Читать «Гуманная педагогика» онлайн - страница 68
Геннадий Мартович Прашкевич
Трупы в снегу, огневой закат. Замерзшие, кутанные в тряпье фигуры.
«Ах, русские люди умирают красиво! Ах, как я люблю Родину!» — А вокруг загаженный серый снег, брошенное оружие, мерзлые теплушки, в которых единственное страшное спасение — прижаться как можно крепче к умирающему от тифа, такой исходит от него жар.
Пусть выговорится.
Смотрел на Колчаковну.
А видел мерцающий, призрачный и прозрачный лед.
Вдруг замшевое брюхо павшей лошади высвечивалось — в инее мертвом.
Живых лошадей втроем, вчетвером поднимали на ноги, но копыта разъезжались, лошади снова падали. На страшном прозрачном байкальском льду лежали десятки, может, уже сотни замерзших лошадей. Какая-то (еще живая) вдруг поднимала голову, без ржания обреченно провожала людей взглядом.
Никаких надежд.
Ну пройдем еще пару верст.
Ну поднимем еще пару лошадей.
Знал, знал: это сынов человеческих судьба испытывает.
Пусть видят, пусть убеждаются: все равны, все сами по себе животные, участь у всех одна. Как животные умирают, так и люди. Одно дыхание у всех. И нет у человека никакого преимущества перед скотом. Белые лошади, черные, желтые, в пятнах, мерзлые, кричащие, открытые настежь глаза. Отступление, казавшееся планомерным, продуманным, давно превратилось в исход. Танцующая поземка, уханье из тьмы — садился лед. Цинки с патронами, брошенные снаряды, еще вчера каждый снаряд ценился на вес золота. Казалось, все умерли. Казалось, сквозь поземку по заснеженным зеркалам льда бредут мертвецы. Казалось, умерли все классы, общество умерло, само государство. Огромный больной стонущий организм ворочался в смутной ледяной мгле Байкала, звенел, стонал, пытался выжить.
Зачем тратить жизнь на бесконечное удирание?
Впрочем, Колчаковна байкальского льда не видела.
В салоне адмиральского поезда всегда был свет, горячий кофе, шампанское, а в лагерях (Северная страна) радовались мутной воде. В «индии», в бараке социально близких, скучающие уголовницы сделали Колчаковне наколку на ее тогда еще круглой заднице. Мы — художницы совсем нового мира, мадам Колчак! Это вам вместо креста на Святой Софии, это вам вместо белой России, вместо стишков пьяного Бурлюка.
«Вечер. Тени. Сени. Лени. Мы сидели, вечер пья. В синем взоре — бег оленя. В синем взоре — лет копья».
Две ласково матерящиеся девки держали Колчаковну на барачной лежанке, застланной грязным тряпьем, а главная мастерица, сама расписанная, как пасхальное яйцо, работала.
«Держите крепче».
Но Колчаковна и не думала сопротивляться.
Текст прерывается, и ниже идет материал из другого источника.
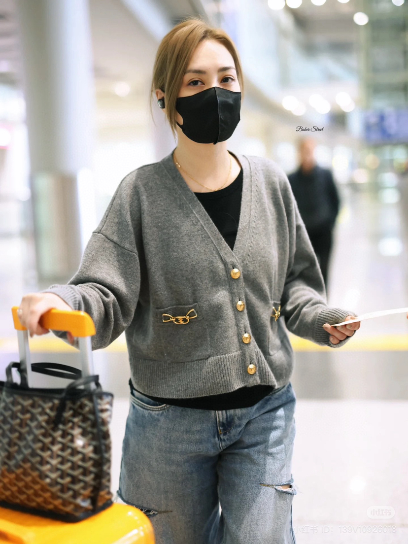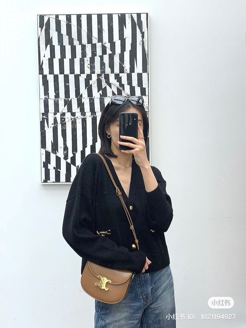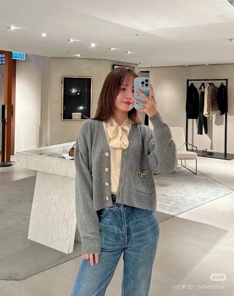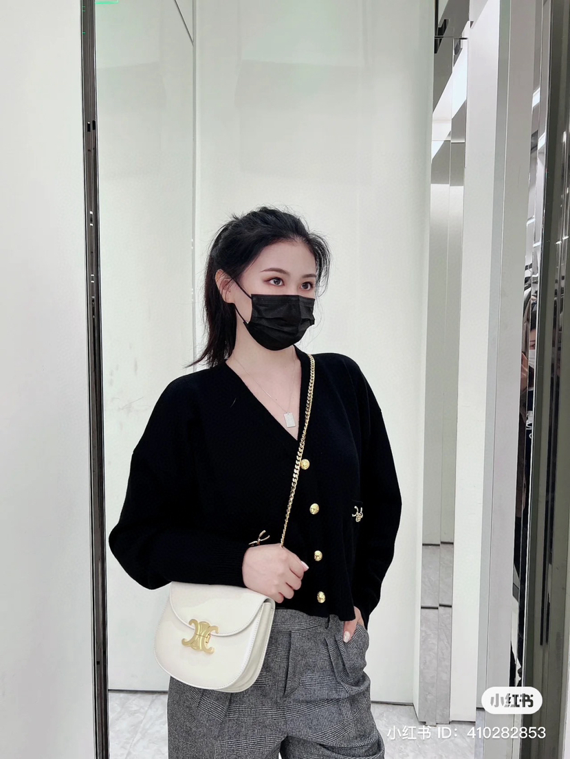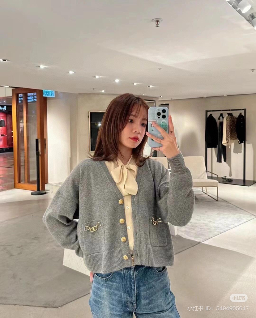 114-1独家圆正 阿娇同款 ce凯旋门金扣 客供山羊绒 重磅针织开衫

Зачем? Пусть, наконец, случится то, что должно случиться.
«Поздравляем, мадам Колчак». Татушка на заднице. Навечно. Не вытравишь.
«Знаете, там совсем простые слова. Хотите знать, какие?»
Глядя на Деда, Колчаковна неприятно оскалилась: «Там, знаете ли, совсем простые слова».
Что там выкололи на круглой заднице Анны Васильевны, Дед не хотел знать. Зачем? Для него все слова должны были звучать по-пушкински, потому и вернулся в Северную страну. Всегда помнил сказанное Верховским: «Не верь тем, кто потерял много». Не верь, впрочем, и тем, кто не потерял ничего. Когда работал над историческим повествованием об Императрице («умереть или стать советским писателем») специально искал имена, бросающие свет на тех, кто рядом. У меня — Ледяной поход, а у Императрицы — победы. Вот трусит по дороге ординарец генерала Денисова — донской казак Емельян Пугачев. Чернявый, с бородой, глаза быстрые, зубы в ровном белом оскале. Пусть трусит. «Люди тащат друг друга на виселицы, потому что говорят на разных языках». Это он тогда правильно указал, к месту.